I regularly scan research output from disciplines other than economics that I think impacts on economic matters. On April 17, 2024, a new study from medical researchers at the Burnett Institute in Melbourne, working with staff at the Department of Health and Human Services, in Victoria published a pre-print in The Lancet – Admission Screening Testing of Patients and Staff N95 Masks are Cost-Effective in Reducing COVID-19 Hospital Acquired Infections – which continues to show that public health policy in Australia is failing and part of that failure is the myopia that ‘sound finance’ principles engenders. I have written before about this myopia where governments think they need to cut back on spending because they are ‘short’ of funding and end up having to spend more over time because the initial spending cuts cause massive (and predictable) problems. We have seen this phenomenon in many situations (several cases are cited below). This new research puts an end in my view to the debates about hospital and more general health practices in the Covid era and exposes how the lack of political leadership, a refusal to fund public education, and poor hospital practices – mostly due to alleged funding shortfalls – have turned Australian hospitals into death zones. And while the authorities are telling the public they are ‘saving taxpayers’ money’ the reality is that the pubic outlays to deal with the problems they are creating by this austerity will be multiples of what would be required to implement sound policy now and avoid those longer-term problems.

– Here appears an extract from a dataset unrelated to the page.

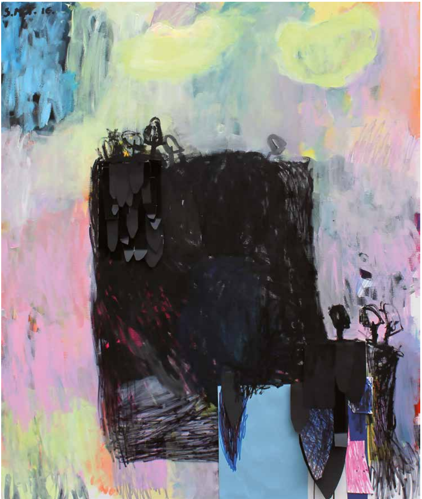
01. Gozdovi (Na robu), 2016, mešana tehnika na platnu, 120 x 100 cm, Nagrajenka DLUM'2016

There are countless examples now of this type of neoliberal myopia and I have covered them in these blog posts (among others) over many years of study:

1. More privatisation myopia (March 22, 2021) – privatisation of world-leading vaccine producer in Australia.

2. Neoliberal myopia strikes again (December 16, 2020) – long-term impacts of cuts in health infrastructure.

3. Mental illness and homelessness – fiscal myopia strikes again (January 5, 2016) – housing and homelessness.

4. British floods demonstrate the myopia of fiscal austerity (January 4, 2016) – British flooding

5. The myopia of fiscal austerity (June 10, 2015) – British canal rat infestation and collapse of Manchester sewers.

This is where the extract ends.